Earlier this month, the eastern-based Libyan National Army (LNA) took over the ports of Es Sidra and Ras Lanuf from the Benghazi Defence Brigades (BDB).
Consequently, Libya’s eastern parliament announced it would cancel the agreement to unify NOC.
According to Mustafa Sanalla, NOC Chairman‘s statement to Reuters, NOC’s staff was working with the LNA to assess the ports, and there were no reasons to believe the ports wouldn’t be handed over to the oil corporation.
Furthermore, Sanalla added that the facilities have not sustained major damage following the most recent clashes and that workers are returning to terminals.
The two ports have a joint potential capacity of 600,000 barrels per day.
As disclosed, Waha Oil Company started pumping to Es Sider on Saturday and the NOC had decided to restart operations at the ports.
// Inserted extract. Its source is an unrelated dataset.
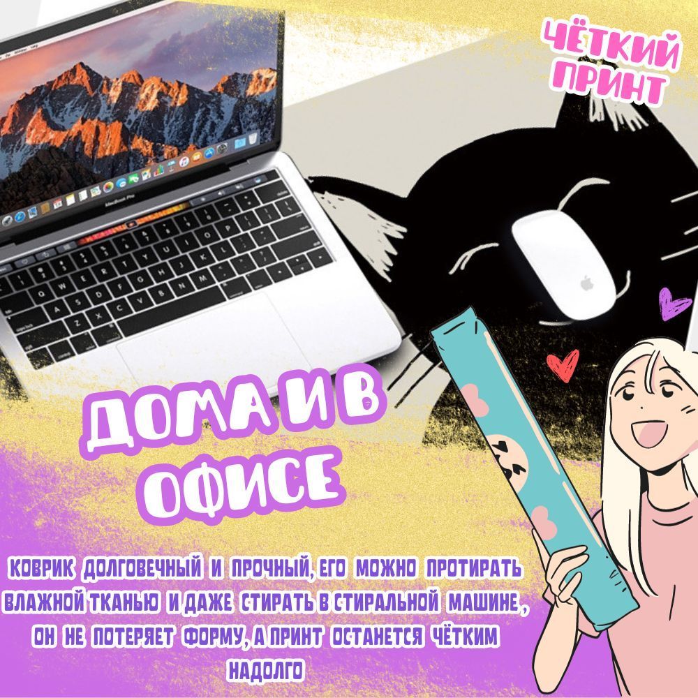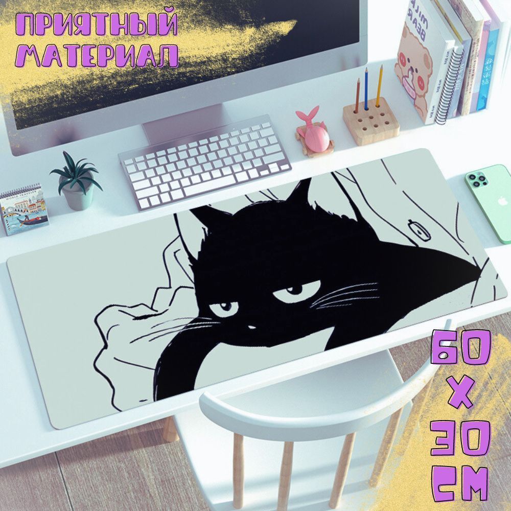 HOMY Коврик для мыши и клавиатуры "КотЭ" рабочая поверхность для стола из натурального каучука
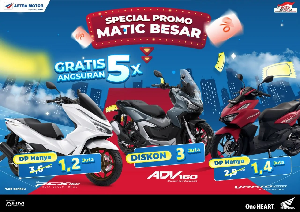 Program ini meliputi Honda PCX 160 dengan DP hanya Rp 1,2 juta, Honda ADV 160 dengan potongan hingga Rp 3 juta, serta Honda Vario 160 dengan DP hanya Rp 1,4 juta. Masing-masing model juga menawarkan gratis angsuran hingga 5 kali.

Earlier this month, Sanalla pleaded for the country’s oil sector not to be a political bargaining chip, and urged all sides to refrain from conflict over oil infrastructure.
As stressed by Sanalla, NOC made good progress in the last few months in recovering production levels and increasing exports.
In the second part of 2016, oil exports from the country’s blocked ports resumed after the Petroleum Facilities Guards (PFG) and the Government of National Accord (GNA) agreed to reopen the ports, Ras Lanuf, Zueitina, and Es Sidra that PFG had been blockading due to a pay dispute.